Given divisor1, divisor2, uniqueCnt1, and uniqueCnt2, return the minimum possible maximum integer that can be present in either array.

Example 1:

Input: divisor1 = 2, divisor2 = 7, uniqueCnt1 = 1, uniqueCnt2 = 3
Output: 4
Explanation: 
We can distribute the first 4 natural numbers into arr1 and arr2.
arr1 = [1] and arr2 = [2,3,4].
We can see that both arrays satisfy all the conditions.
Since the maximum value is 4, we return it.

Example 2:

Input: divisor1 = 3, divisor2 = 5, uniqueCnt1 = 2, uniqueCnt2 = 1
Output: 3
Explanation: 
Here arr1 = [1,2], and arr2 = [3] satisfy all conditions.
Since the maximum value is 3, we return it.

Example 3:

Input: divisor1 = 2, divisor2 = 4, uniqueCnt1 = 8, uniqueCnt2 = 2
Output: 15
Explanation: 
Here, the final possible arrays can be arr1 = [1,3,5,7,9,11,13,15], and arr2 = [2,6].
It can be shown that it is not possible to obtain a lower maximum satisfying all conditions.

Constraints:

2 <= divisor1, divisor2 <= 10⁵
1 <= uniqueCnt1, uniqueCnt2 < 10⁹
2 <= uniqueCnt1 + uniqueCnt2 <= 10⁹

Step 01

Brute Force Baseline

Problem summary: We have two arrays arr1 and arr2 which are initially empty. You need to add positive integers to them such that they satisfy all the following conditions: arr1 contains uniqueCnt1 distinct positive integers, each of which is not divisible by divisor1. arr2 contains uniqueCnt2 distinct positive integers, each of which is not divisible by divisor2. No integer is present in both arr1 and arr2. Given divisor1, divisor2, uniqueCnt1, and uniqueCnt2, return the minimum possible maximum integer that can be present in either array.

Baseline thinking

Start with the most direct exhaustive search. That gives a correctness anchor before optimizing.

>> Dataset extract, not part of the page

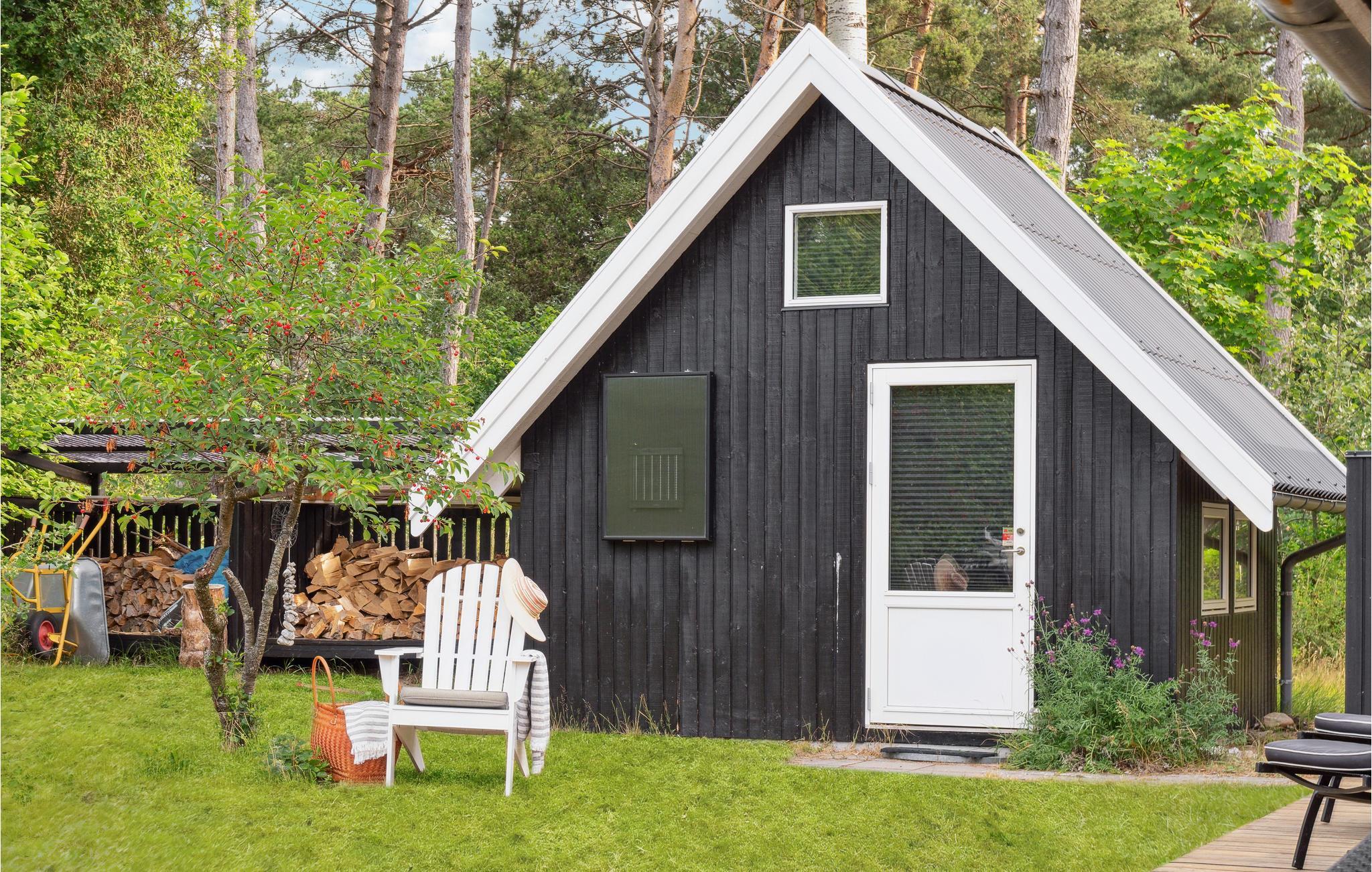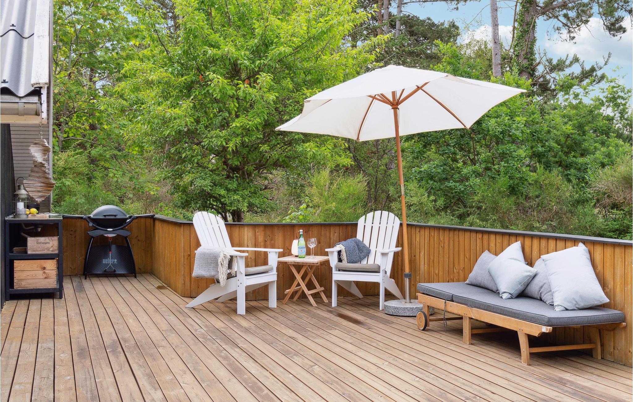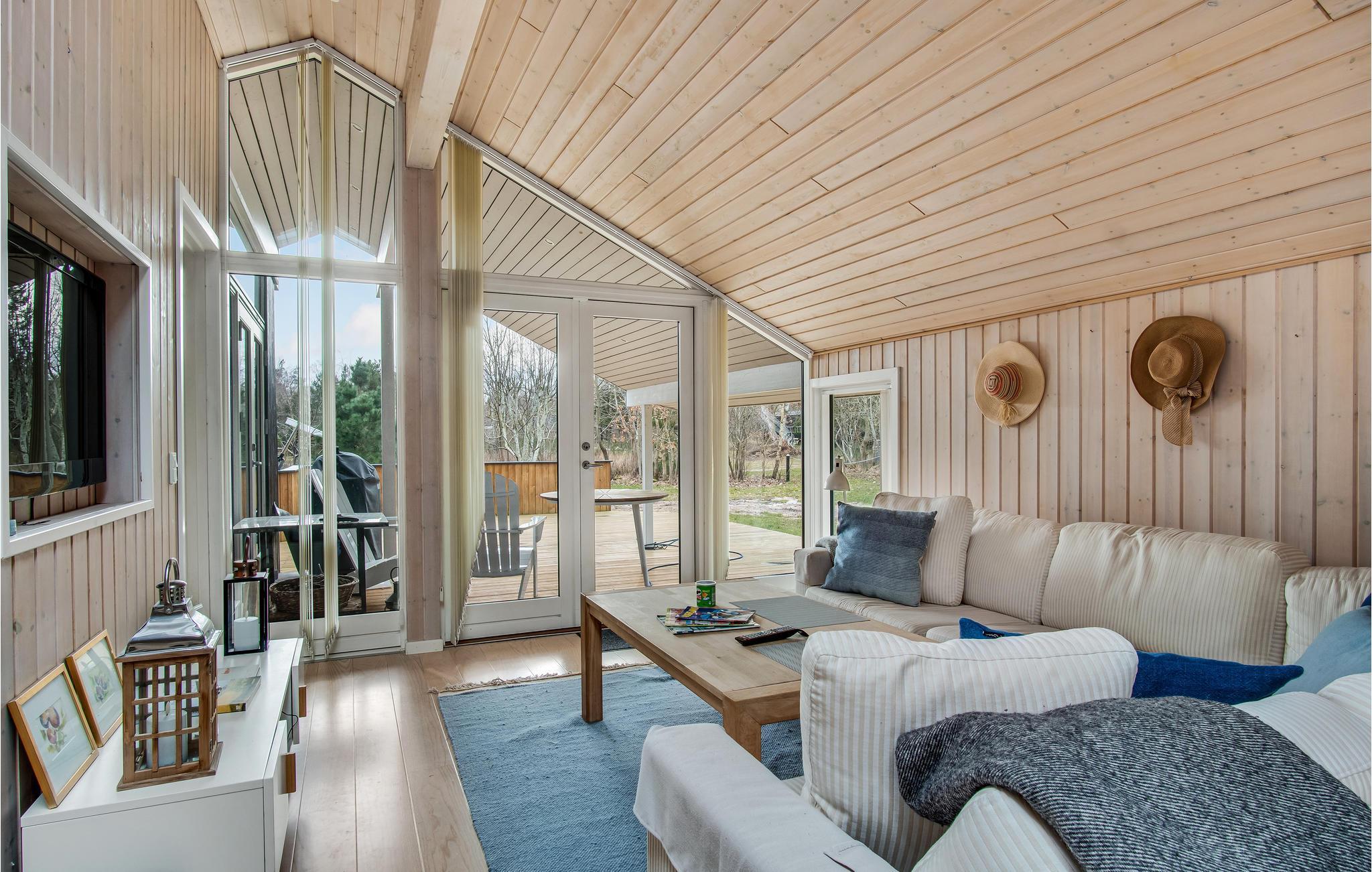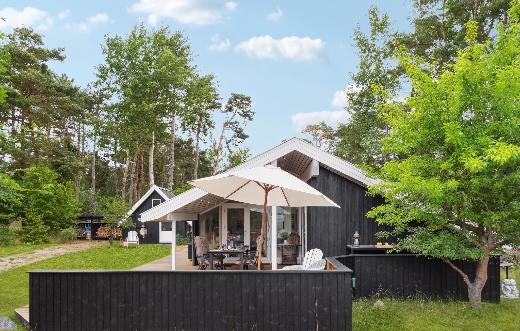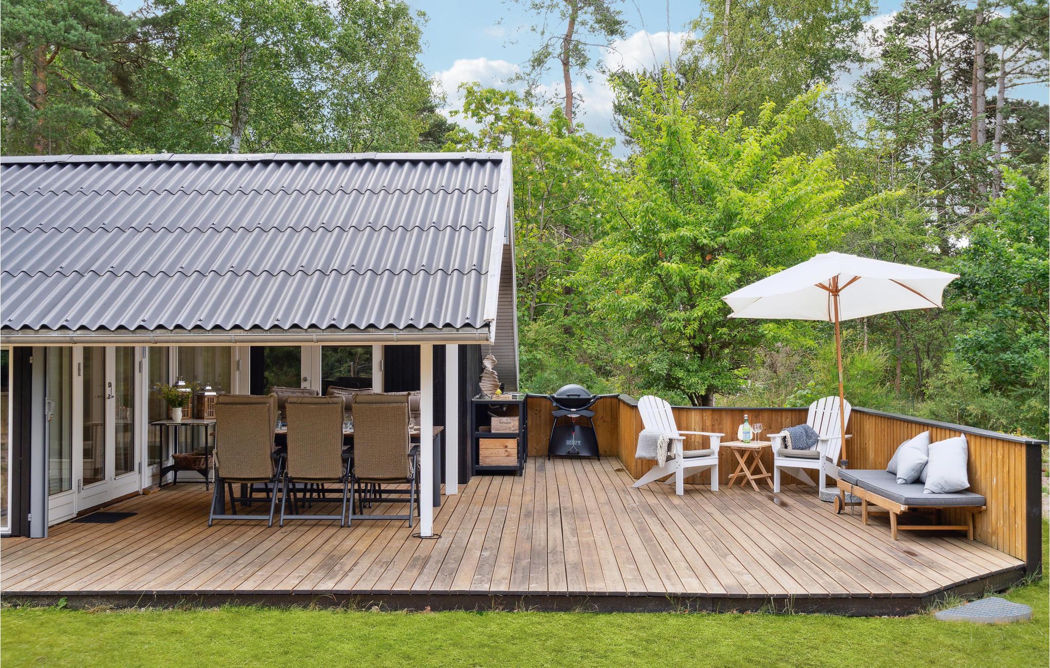 In idyllischer Lage umgeben von Bäumen erwartet Sie dieses einladende Ferienhaus. Die helle und moderne Einrichtung lädt dazu ein, in vollen Zügen mit Ihren Lieben zu entspannen. Holzverkleidete Wände und die geschmackvollen Möbel sorgen für den wohnlichen Charme der Räume. Genießen Sie gemeinsame Mahlzeiten am langen Esstisch mit wunderbarem Blick in den Garten. Nach einem schönen Tag am Meer oder einem spannenden Ausflug in der Umgebung können Sie es sich in der einladenden Sofalandschaft mit Blick ins Freie bequem machen und zusammen Spiele spielen. Besonders gemütlich wird es, wenn Sie im Kaminofen anfeuern und beim Knistern der Flammen noch lange gemütlich plaudern.

Pattern signal: Math · Binary Search

Example 1

Example 2

Example 3

Step 02

Core Insight

What unlocks the optimal approach

Use binary search to find smallest maximum element.
Add numbers divisible by x in nums2 and vice versa.

Interview move: turn each hint into an invariant you can check after every iteration/recursion step.

Step 03

Algorithm Walkthrough

Iteration Checklist

Define state (indices, window, stack, map, DP cell, or recursion frame).
Apply one transition step and update the invariant.
Record answer candidate when condition is met.
Continue until all input is consumed.

Use the first example testcase as your mental trace to verify each transition.

Step 04

Edge Cases

Minimum Input

Single element / shortest valid input

Validate boundary behavior before entering the main loop or recursion.

Duplicates & Repeats

Repeated values / repeated states

Decide whether duplicates should be merged, skipped, or counted explicitly.

Extreme Constraints

Upper-end input sizes

Re-check complexity target against constraints to avoid time-limit issues.

Invalid / Corner Shape

Empty collections, zeros, or disconnected structures

Handle special-case structure before the core algorithm path.

Step 05

Full Annotated Code

Source-backed implementations are provided below for direct study and interview prep.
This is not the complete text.